**Exercise goal**
Each line in the records below, from the one that contains "Algodón New principito" to the one that contains "Na tej karcie", should be reproduced exactly, the first and last included.

Items listed in a dataset:
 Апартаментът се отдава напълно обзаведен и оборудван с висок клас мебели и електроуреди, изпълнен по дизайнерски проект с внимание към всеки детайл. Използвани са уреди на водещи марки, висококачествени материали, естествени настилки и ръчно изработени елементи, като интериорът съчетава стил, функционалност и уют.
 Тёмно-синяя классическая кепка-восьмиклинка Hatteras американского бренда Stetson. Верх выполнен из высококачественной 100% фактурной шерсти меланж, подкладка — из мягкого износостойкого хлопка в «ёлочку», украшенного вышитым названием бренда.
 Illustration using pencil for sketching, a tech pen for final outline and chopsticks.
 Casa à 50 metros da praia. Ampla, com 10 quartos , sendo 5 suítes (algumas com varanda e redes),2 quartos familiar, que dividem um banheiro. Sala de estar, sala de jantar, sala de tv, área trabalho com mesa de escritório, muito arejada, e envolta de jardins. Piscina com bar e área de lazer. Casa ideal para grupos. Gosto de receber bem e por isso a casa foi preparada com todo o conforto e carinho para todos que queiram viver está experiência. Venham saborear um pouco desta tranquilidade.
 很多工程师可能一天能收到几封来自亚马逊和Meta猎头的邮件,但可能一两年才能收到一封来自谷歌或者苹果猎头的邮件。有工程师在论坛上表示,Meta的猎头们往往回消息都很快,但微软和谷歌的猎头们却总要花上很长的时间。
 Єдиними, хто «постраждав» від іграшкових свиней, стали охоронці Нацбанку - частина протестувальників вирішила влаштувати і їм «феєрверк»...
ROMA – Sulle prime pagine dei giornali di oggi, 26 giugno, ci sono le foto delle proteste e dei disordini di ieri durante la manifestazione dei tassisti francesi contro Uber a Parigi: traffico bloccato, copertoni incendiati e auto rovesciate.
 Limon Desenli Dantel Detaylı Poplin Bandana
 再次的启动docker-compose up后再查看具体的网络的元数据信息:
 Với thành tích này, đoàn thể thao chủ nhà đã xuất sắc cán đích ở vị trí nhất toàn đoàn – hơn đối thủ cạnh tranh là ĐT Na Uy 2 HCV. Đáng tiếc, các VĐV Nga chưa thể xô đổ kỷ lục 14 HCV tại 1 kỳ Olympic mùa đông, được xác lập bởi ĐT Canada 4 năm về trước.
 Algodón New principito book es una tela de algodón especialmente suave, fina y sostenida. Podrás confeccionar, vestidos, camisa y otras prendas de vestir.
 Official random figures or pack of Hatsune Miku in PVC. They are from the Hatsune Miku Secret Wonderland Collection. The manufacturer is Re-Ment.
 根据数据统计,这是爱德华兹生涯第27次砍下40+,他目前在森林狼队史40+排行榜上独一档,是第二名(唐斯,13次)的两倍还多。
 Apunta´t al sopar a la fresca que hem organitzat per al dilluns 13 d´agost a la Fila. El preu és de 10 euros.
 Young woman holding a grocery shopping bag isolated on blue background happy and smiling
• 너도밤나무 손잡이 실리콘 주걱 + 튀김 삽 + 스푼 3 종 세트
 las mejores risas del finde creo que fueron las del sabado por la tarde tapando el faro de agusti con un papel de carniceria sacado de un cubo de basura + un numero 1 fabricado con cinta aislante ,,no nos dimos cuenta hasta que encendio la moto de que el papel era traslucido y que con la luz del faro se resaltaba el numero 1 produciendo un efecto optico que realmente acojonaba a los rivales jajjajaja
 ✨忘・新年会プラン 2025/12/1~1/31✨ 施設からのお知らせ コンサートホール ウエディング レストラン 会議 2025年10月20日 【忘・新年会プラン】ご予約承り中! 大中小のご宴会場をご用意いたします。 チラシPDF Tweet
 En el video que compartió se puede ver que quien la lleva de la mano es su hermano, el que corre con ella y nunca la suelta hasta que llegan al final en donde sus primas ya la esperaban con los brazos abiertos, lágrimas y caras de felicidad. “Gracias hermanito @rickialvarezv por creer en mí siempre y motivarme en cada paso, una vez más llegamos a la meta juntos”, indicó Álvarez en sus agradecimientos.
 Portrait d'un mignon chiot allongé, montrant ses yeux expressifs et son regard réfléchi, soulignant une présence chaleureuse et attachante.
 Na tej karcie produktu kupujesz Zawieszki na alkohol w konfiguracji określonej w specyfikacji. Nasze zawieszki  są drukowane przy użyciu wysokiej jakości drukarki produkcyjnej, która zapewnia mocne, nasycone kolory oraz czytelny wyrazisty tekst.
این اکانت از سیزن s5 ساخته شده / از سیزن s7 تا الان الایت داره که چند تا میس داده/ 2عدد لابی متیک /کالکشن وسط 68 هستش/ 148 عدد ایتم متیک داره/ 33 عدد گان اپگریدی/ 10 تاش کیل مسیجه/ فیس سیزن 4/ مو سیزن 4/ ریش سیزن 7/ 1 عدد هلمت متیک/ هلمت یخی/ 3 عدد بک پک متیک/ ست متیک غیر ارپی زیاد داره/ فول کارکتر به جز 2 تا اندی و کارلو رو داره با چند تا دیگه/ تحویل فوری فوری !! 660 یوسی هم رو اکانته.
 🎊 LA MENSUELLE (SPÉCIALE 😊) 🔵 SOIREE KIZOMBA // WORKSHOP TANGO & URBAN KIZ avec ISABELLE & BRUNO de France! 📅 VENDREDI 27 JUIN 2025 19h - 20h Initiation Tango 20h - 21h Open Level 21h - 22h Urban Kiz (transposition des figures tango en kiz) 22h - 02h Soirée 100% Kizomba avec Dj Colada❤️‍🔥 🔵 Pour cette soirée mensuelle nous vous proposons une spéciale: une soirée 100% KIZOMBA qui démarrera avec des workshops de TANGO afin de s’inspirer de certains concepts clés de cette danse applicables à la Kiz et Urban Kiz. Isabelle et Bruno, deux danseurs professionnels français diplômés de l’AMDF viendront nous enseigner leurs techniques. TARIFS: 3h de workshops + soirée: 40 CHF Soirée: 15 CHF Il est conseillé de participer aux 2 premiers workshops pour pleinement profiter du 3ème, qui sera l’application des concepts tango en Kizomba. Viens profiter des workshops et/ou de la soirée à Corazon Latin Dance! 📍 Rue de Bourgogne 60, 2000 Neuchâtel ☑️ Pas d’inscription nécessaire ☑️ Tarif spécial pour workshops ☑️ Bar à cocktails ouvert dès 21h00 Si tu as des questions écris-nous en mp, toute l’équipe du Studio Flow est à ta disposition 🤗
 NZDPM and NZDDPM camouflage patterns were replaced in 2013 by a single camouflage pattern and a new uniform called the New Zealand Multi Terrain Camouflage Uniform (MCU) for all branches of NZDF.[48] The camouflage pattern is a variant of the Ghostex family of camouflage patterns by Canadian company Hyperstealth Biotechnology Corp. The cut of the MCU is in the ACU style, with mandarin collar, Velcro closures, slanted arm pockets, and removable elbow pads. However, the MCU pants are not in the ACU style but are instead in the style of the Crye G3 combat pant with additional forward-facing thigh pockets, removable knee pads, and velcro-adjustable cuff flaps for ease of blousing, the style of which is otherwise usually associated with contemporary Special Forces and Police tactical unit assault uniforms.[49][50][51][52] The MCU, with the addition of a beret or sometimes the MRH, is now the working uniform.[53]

**Written answer**
 Algodón New principito book es una tela de algodón especialmente suave, fina y sostenida. Podrás confeccionar, vestidos, camisa y otras prendas de vestir.
 Official random figures or pack of Hatsune Miku in PVC. They are from the Hatsune Miku Secret Wonderland Collection. The manufacturer is Re-Ment.
 根据数据统计,这是爱德华兹生涯第27次砍下40+,他目前在森林狼队史40+排行榜上独一档,是第二名(唐斯,13次)的两倍还多。
 Apunta´t al sopar a la fresca que hem organitzat per al dilluns 13 d´agost a la Fila. El preu és de 10 euros.
 Young woman holding a grocery shopping bag isolated on blue background happy and smiling
• 너도밤나무 손잡이 실리콘 주걱 + 튀김 삽 + 스푼 3 종 세트
 las mejores risas del finde creo que fueron las del sabado por la tarde tapando el faro de agusti con un papel de carniceria sacado de un cubo de basura + un numero 1 fabricado con cinta aislante ,,no nos dimos cuenta hasta que encendio la moto de que el papel era traslucido y que con la luz del faro se resaltaba el numero 1 produciendo un efecto optico que realmente acojonaba a los rivales jajjajaja
 ✨忘・新年会プラン 2025/12/1~1/31✨ 施設からのお知らせ コンサートホール ウエディング レストラン 会議 2025年10月20日 【忘・新年会プラン】ご予約承り中! 大中小のご宴会場をご用意いたします。 チラシPDF Tweet
 En el video que compartió se puede ver que quien la lleva de la mano es su hermano, el que corre con ella y nunca la suelta hasta que llegan al final en donde sus primas ya la esperaban con los brazos abiertos, lágrimas y caras de felicidad. “Gracias hermanito @rickialvarezv por creer en mí siempre y motivarme en cada paso, una vez más llegamos a la meta juntos”, indicó Álvarez en sus agradecimientos.
 Portrait d'un mignon chiot allongé, montrant ses yeux expressifs et son regard réfléchi, soulignant une présence chaleureuse et attachante.
 Na tej karcie produktu kupujesz Zawieszki na alkohol w konfiguracji określonej w specyfikacji. Nasze zawieszki  są drukowane przy użyciu wysokiej jakości drukarki produkcyjnej, która zapewnia mocne, nasycone kolory oraz czytelny wyrazisty tekst.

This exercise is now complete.